* [Work item] Below is a listing; repeat exactly the lines from the one containing "Take home a" to the one containing "Includes: 4 Blue Pottery Coasters", both included.

* [Task material]
____________________

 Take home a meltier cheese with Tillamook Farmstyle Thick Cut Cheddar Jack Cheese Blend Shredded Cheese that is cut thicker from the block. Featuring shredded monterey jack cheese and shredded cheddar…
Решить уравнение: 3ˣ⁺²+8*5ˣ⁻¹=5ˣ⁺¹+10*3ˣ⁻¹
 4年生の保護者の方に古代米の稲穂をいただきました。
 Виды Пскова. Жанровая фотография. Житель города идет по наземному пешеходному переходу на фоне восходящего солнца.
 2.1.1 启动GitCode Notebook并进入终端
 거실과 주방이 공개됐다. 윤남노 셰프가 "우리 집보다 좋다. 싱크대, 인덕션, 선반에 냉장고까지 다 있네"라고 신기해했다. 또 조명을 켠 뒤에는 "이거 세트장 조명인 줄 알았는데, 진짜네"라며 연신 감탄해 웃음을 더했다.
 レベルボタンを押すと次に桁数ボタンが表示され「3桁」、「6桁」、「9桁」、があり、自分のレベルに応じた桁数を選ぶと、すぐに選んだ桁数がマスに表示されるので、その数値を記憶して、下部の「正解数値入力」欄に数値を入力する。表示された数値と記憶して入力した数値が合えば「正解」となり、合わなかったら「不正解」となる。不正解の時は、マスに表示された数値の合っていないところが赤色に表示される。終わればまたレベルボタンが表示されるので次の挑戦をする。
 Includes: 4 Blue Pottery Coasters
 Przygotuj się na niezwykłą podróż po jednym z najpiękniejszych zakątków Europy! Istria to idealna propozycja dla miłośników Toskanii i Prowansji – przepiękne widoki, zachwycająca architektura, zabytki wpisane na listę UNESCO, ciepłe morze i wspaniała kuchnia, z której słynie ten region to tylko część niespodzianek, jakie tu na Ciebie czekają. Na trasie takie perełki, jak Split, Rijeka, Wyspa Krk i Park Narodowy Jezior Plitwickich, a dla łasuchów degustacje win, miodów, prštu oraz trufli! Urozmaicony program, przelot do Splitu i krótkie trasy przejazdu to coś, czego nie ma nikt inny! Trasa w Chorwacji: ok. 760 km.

____________________

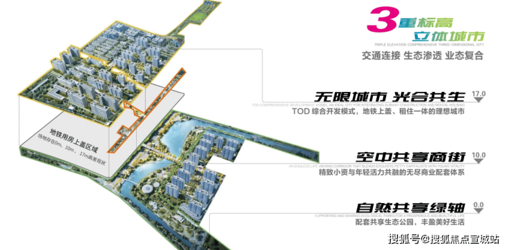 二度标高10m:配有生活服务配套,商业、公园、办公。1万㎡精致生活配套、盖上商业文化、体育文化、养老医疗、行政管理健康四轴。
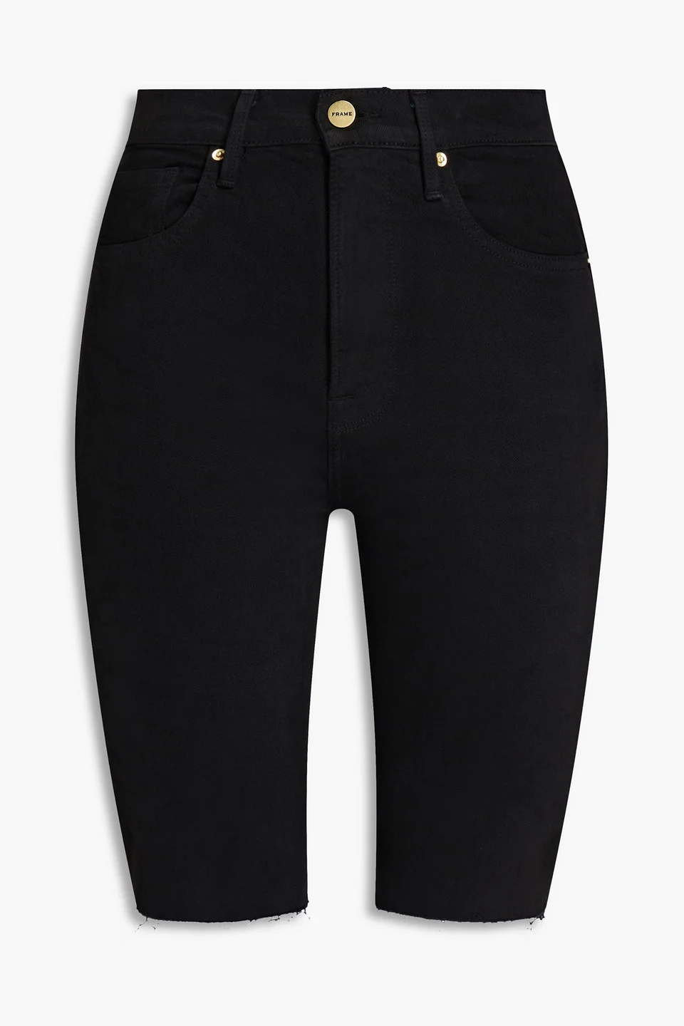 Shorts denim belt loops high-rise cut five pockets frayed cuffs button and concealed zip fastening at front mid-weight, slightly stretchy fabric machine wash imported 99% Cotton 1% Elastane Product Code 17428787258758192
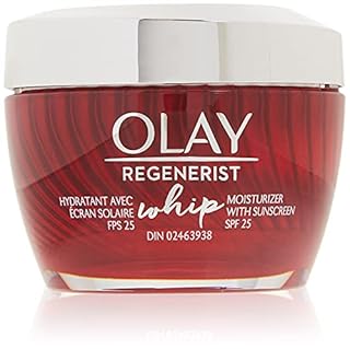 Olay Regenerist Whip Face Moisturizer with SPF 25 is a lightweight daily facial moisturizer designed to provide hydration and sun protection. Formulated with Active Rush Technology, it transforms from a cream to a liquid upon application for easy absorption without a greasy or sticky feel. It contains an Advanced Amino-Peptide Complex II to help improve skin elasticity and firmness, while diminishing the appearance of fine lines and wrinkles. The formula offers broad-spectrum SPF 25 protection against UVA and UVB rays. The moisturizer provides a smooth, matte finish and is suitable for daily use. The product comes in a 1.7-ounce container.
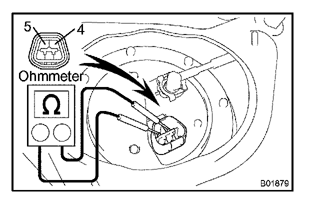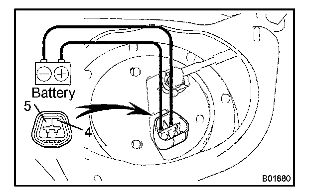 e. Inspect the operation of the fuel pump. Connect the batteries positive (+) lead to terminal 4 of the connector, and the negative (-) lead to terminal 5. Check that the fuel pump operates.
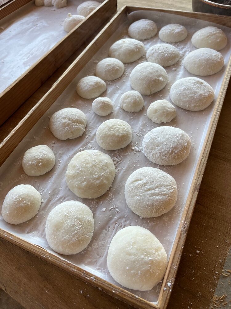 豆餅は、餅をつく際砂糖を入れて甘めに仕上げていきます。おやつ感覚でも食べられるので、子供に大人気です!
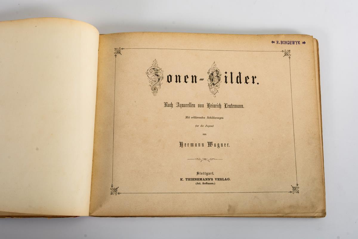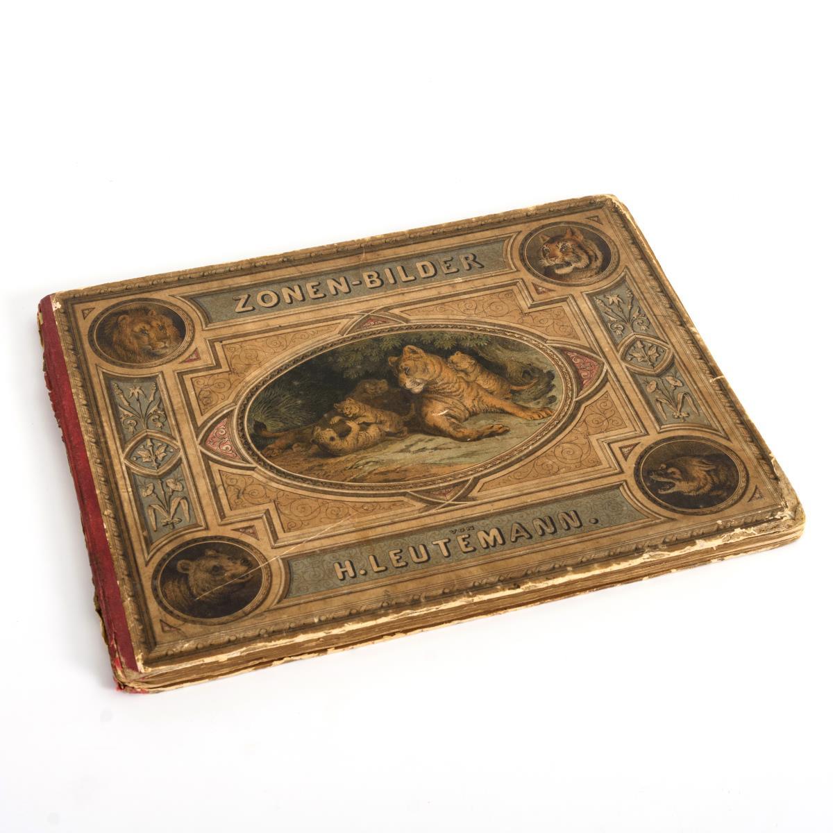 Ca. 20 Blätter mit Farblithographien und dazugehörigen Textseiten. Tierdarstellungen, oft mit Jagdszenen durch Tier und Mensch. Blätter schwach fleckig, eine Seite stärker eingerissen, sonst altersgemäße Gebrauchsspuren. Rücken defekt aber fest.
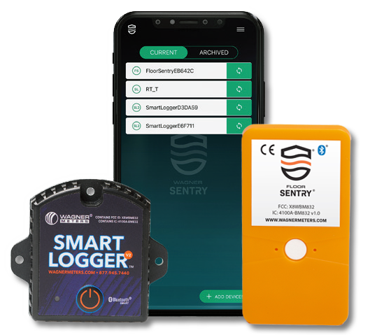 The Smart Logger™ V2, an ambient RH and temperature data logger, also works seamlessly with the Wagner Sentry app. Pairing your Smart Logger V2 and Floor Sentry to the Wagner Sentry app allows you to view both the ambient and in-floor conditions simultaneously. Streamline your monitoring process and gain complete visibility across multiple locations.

____________________

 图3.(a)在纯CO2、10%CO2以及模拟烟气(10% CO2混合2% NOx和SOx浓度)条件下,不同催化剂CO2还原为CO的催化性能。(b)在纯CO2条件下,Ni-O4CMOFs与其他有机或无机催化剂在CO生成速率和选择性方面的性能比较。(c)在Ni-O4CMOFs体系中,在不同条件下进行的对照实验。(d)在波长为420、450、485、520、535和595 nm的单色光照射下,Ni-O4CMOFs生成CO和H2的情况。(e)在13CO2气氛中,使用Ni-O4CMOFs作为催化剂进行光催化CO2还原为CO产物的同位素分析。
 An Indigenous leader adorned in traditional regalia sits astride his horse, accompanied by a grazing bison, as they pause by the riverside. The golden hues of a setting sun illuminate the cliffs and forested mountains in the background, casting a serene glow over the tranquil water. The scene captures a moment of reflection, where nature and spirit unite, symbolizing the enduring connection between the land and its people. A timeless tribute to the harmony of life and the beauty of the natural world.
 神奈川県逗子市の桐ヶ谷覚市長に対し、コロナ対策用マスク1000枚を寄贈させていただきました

____________________

* [Solution to the exercise]
 Take home a meltier cheese with Tillamook Farmstyle Thick Cut Cheddar Jack Cheese Blend Shredded Cheese that is cut thicker from the block. Featuring shredded monterey jack cheese and shredded cheddar…
Решить уравнение: 3ˣ⁺²+8*5ˣ⁻¹=5ˣ⁺¹+10*3ˣ⁻¹
 4年生の保護者の方に古代米の稲穂をいただきました。
 Виды Пскова. Жанровая фотография. Житель города идет по наземному пешеходному переходу на фоне восходящего солнца.
 2.1.1 启动GitCode Notebook并进入终端
 거실과 주방이 공개됐다. 윤남노 셰프가 "우리 집보다 좋다. 싱크대, 인덕션, 선반에 냉장고까지 다 있네"라고 신기해했다. 또 조명을 켠 뒤에는 "이거 세트장 조명인 줄 알았는데, 진짜네"라며 연신 감탄해 웃음을 더했다.
 レベルボタンを押すと次に桁数ボタンが表示され「3桁」、「6桁」、「9桁」、があり、自分のレベルに応じた桁数を選ぶと、すぐに選んだ桁数がマスに表示されるので、その数値を記憶して、下部の「正解数値入力」欄に数値を入力する。表示された数値と記憶して入力した数値が合えば「正解」となり、合わなかったら「不正解」となる。不正解の時は、マスに表示された数値の合っていないところが赤色に表示される。終わればまたレベルボタンが表示されるので次の挑戦をする。
 Includes: 4 Blue Pottery Coasters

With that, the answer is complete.